(Exercise description):
Look in the listing below for the line that has "Save up to 50%", then return it and each following line up to and including the one with "2,29 | 2,294 |", exactly and without pictures.

(Exercise data):
◇ ◇ ◇ ◇ ◇
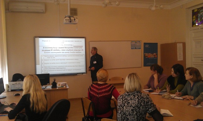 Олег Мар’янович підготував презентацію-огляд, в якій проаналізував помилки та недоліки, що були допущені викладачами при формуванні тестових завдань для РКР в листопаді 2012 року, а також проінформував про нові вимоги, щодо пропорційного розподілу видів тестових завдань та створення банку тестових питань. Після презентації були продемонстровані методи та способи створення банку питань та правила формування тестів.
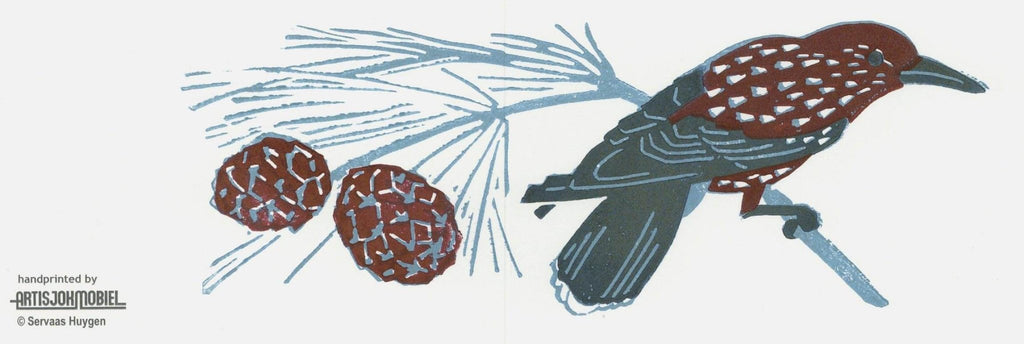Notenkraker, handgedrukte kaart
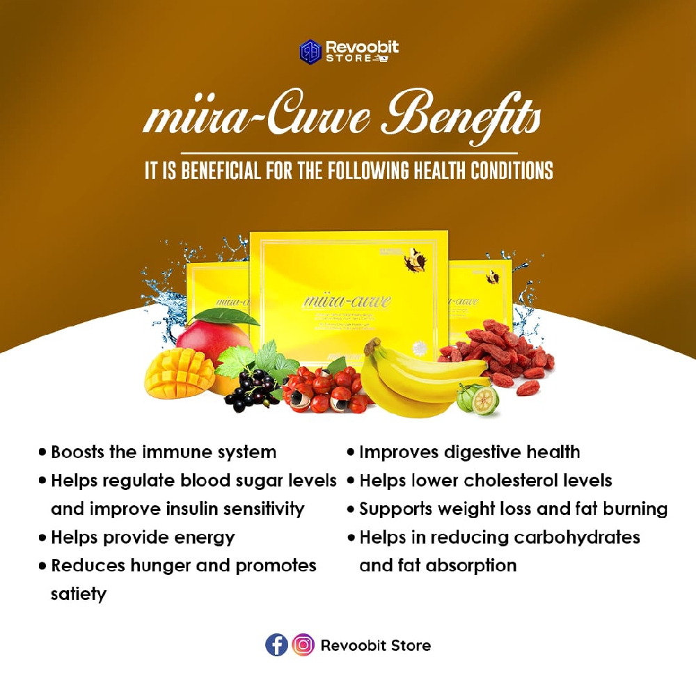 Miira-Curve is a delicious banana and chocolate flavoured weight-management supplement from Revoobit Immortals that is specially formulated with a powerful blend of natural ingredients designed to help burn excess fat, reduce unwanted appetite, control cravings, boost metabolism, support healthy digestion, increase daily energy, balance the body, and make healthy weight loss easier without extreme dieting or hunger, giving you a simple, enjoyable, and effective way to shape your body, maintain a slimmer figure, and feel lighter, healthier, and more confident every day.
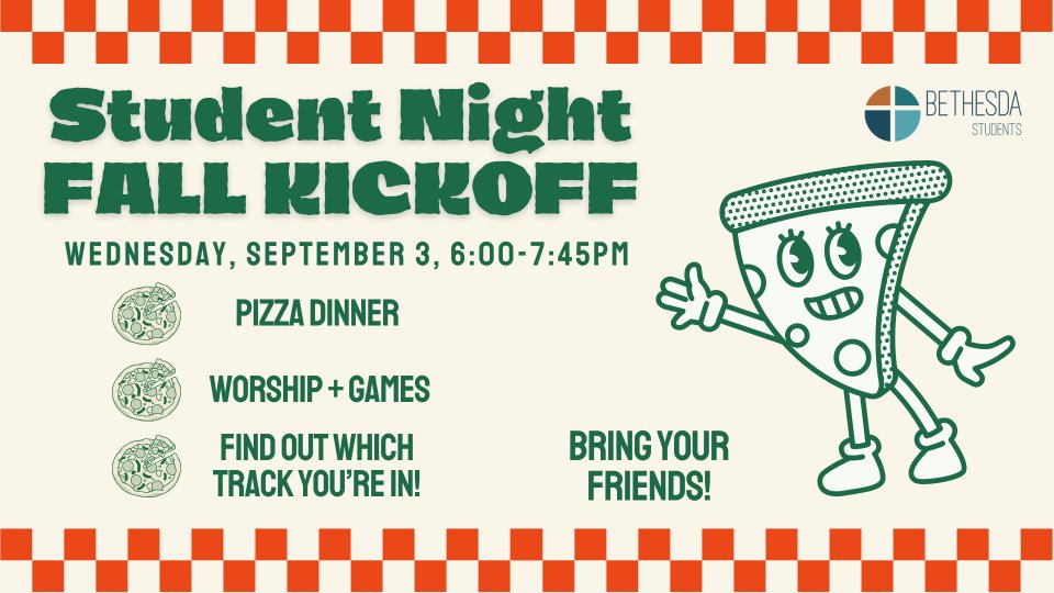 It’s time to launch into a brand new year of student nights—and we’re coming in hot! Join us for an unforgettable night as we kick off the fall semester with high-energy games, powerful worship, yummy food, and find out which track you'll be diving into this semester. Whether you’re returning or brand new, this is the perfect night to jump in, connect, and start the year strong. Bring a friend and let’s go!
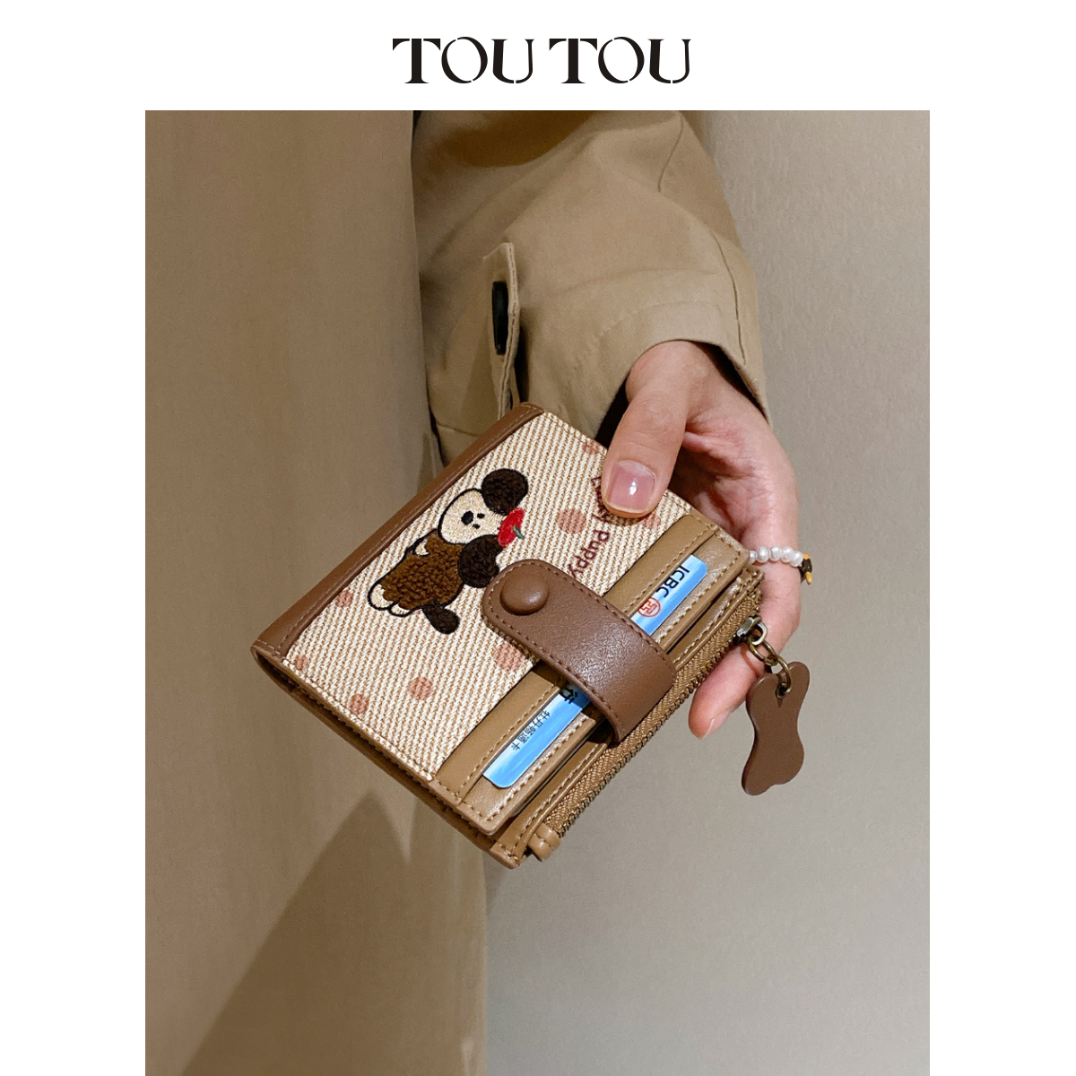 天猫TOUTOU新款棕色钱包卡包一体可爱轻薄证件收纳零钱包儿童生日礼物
◇ ◇ ◇ ◇ ◇
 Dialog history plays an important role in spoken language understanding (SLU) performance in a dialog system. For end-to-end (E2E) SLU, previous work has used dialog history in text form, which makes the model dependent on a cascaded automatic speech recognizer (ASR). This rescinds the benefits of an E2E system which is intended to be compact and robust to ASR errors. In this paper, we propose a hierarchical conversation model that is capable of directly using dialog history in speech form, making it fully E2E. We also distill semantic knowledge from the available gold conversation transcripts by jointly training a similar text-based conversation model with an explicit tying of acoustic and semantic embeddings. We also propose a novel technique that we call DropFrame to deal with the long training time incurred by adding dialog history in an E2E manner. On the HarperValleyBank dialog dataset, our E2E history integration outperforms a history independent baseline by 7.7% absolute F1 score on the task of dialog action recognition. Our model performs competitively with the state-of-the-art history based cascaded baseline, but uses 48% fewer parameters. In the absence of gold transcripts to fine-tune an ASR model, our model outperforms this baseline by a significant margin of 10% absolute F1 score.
◇ ◇ ◇ ◇ ◇
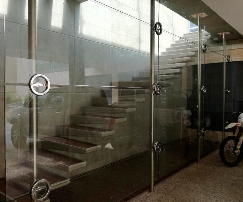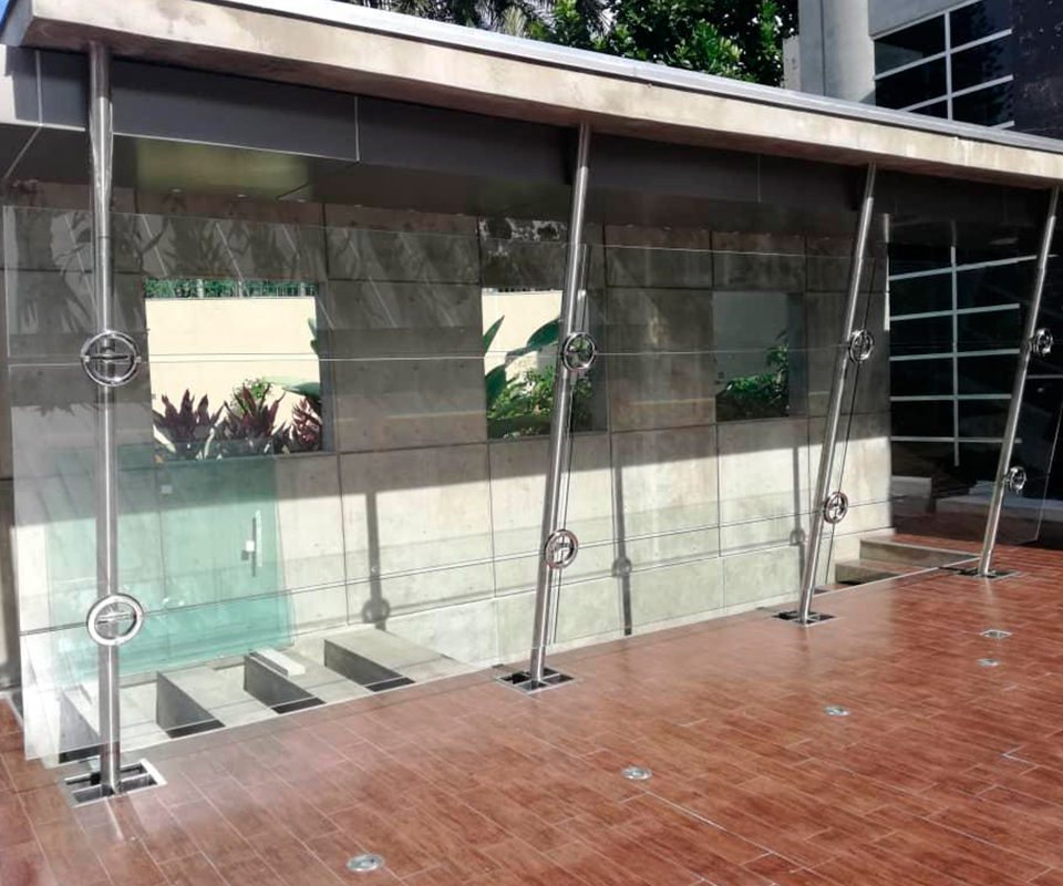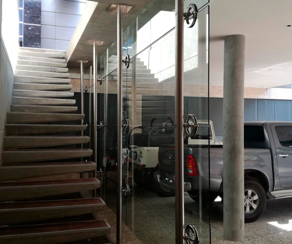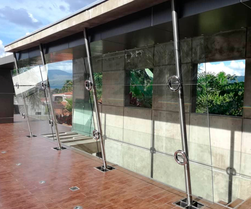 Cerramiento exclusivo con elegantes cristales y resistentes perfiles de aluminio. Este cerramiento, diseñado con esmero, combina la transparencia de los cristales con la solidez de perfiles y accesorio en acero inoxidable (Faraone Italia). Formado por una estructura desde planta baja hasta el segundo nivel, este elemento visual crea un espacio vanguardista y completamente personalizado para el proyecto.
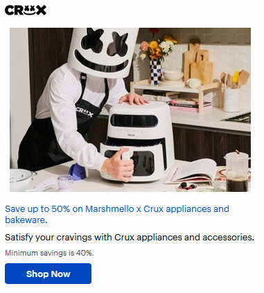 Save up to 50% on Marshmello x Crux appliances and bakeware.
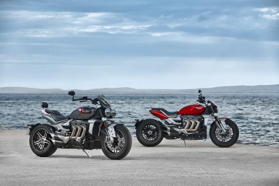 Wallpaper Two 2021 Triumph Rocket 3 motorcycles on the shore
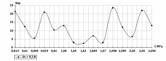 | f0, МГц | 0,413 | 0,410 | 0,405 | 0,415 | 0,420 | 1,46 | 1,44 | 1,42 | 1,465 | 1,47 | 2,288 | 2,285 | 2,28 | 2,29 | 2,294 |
◇ ◇ ◇ ◇ ◇
(Answer box):
 Save up to 50% on Marshmello x Crux appliances and bakeware.
 Wallpaper Two 2021 Triumph Rocket 3 motorcycles on the shore
 | f0, МГц | 0,413 | 0,410 | 0,405 | 0,415 | 0,420 | 1,46 | 1,44 | 1,42 | 1,465 | 1,47 | 2,288 | 2,285 | 2,28 | 2,29 | 2,294 |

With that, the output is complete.